L’université Cheikh Anta Diop de Dakar, de concert avec le Programme national de lutte contre le Paludisme, a procédé ce mardi 18 février, au lancement d’un projet qui porte sur l’utilisation des données génomiques pour le contrôle des données épidémiologiques pour l’élimination du Palu.

Ce programme est financé par la Fondation Bill & Melinda Gates pour une période de trois ans. Il permettra à l’UCAD, avec l’université de Havard (USA), de faire du Sénégal une vitrine de l’élimination de la maladie d’ici à 2030.

2 à 3% de prévalence 

Pour le professeur Daouda Ndiaye, chef du département de parasitologie de l’UCAD, ce financement va appuyer des actions innovantes – la génomique. Ce qui viendra en appoint à  l’utilisation des moustiquaires à grande échelle, le traitement avec les CTA, la chimiothérapie du paludisme saisonnier…

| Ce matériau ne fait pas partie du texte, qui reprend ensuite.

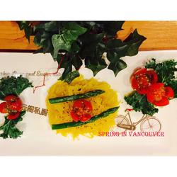9. As for the presentation, everyone likes it.I use a rectangular pot.Cut cherry tomatoes to make fruit flowers.First arrange the kale green leaves on the bottom of the plate and place the holy fruit on top.Place pumpkin shreds in the center of the plate, then asparagus and cherry tomatoes.A plate of vegetable noodles is complete.

Pour le choix du pays de la Téranga ? « La Fondation a privilégié le Sénégal par rapport à la disponibilité du système avec d’excellents résultats depuis plus de 20 ans – 2 à 3% de prévalence, mais aussi pour l’engagement des chercheurs que nous sommes. Donc cela a été un travail et un indicateur majeur pour voir quels sont les pays qui sont vers l’élimination et ils ont compris que le programme a été accompagné par les chercheurs que nous étions pour arriver à ce résultat important. Et ils ont compris qu’au-delà des experts, des plateaux techniques, le Sénégal a fini de prouver en Afrique que l’UCAD regorge des meilleurs spécialistes et des meilleurs experts en Afrique, reconnus partout à travers le monde », développe le concepteur du test de diagnostic sur le paludisme dénommé «illumigene Malaria».

Le budget n’est pas encore défini. Bill & Melinda Gates ont juste accepté le principe d’aller vers l’élimination.

Faire de toutes les régions, des zones vertes 

Premier africain à occuper le poste de conseiller spécial à l’Université Harvard, Pr Ndiaye ajoute : « Aujourd’hui, on a deux grandes zones : Saint-Louis, Matam etc. et la zone sud. Où le Palu est toujours important en termes d’incidence et de prévalence. Et comme la zone nord est une zone de pré élimination, dans les plans stratégiques du programme, il s’agit de faire en sorte que toutes les régions du Sénégal soient des zones vertes, où la prévalence est inférieure à 5 pour 1000. Car on ne voudrait pas que les zones du nord qui sont pratiquement libérées soient contaminées. La génomique va nous permettre de dire demain que le Palu qu’on a vu à Richard-Toll provient du Nord ou du Sud. C’est ce qui permet de dire si les parasites ont voyagé ou pas. »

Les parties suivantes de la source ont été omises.